Как-то раз пришла к нему за готовыми визитками очередного срочного заказа, и он холодно сообщил, что ничего не готово, подкатила более важная работа, и вообще ему это всё надоело. Чуть не отправила всю депутатскую группу в Москву без знаков отличий! Пришлось на Женьку надавить, стоять над душой и отвозить вожделенные, остро пахнущие свежей краской пачечки прямо к поезду. В тот раз поняла: всё идёт не так, как надо. И с комбинатом, и с Женькой, и вообще…
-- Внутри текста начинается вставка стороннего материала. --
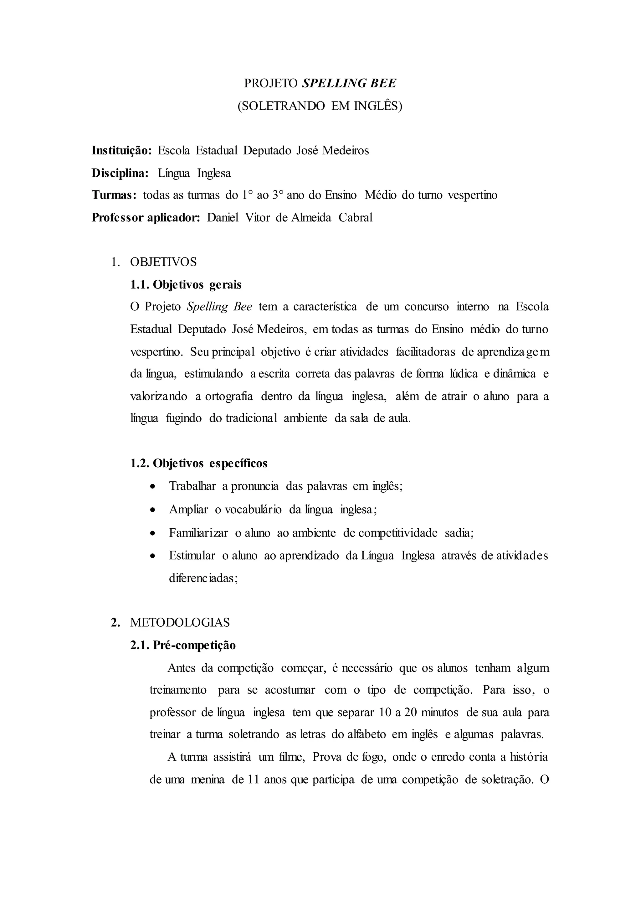 O projeto tem como objetivo principal criar atividades que estimulem o aprendizado da língua inglesa de forma lúdica, focando na ortografia correta das palavras. A competição acontecerá em três etapas: entre as salas de aula, entre as turmas e a final entre os melhores de cada turma. Os alunos serão avaliados em sua capacidade de soletrar palavras em inglês.

Звонит Тон, напрашивается на встречу. Они приходят вдвоём с Хопперсом, тот расспрашивает о судьбе контракта, интересуется химкомбинатом. «O, Siberia — very far!» — комментирует Тон, но я-то знаю, что он готов туда летать хоть каждую неделю. Обещаю устроить и Джосу поездку в Тобольск. В ответ он вдруг неожиданно достаёт конверт, в нём приглашение в Голландию и страны Бенилюкс. На целых две недели! Увидев радость на моём лице, Тон уточняет: «It is a business invitation with hope for contract and future cooperation».
А почему бы и нет? Что мы за этих шведов ухватились, ведь никого из них даже в лицо не знаем, техники живьём ни разу не видели, всё по картинкам. А тут есть возможность самой посмотреть, выбрать. Женьку бы взять, но после подставы с депутатским заказом не хочу иметь с ним никаких дел. Пусть работает, получится что — будет большая радость для нас обоих. Не получится — никто не в обиде.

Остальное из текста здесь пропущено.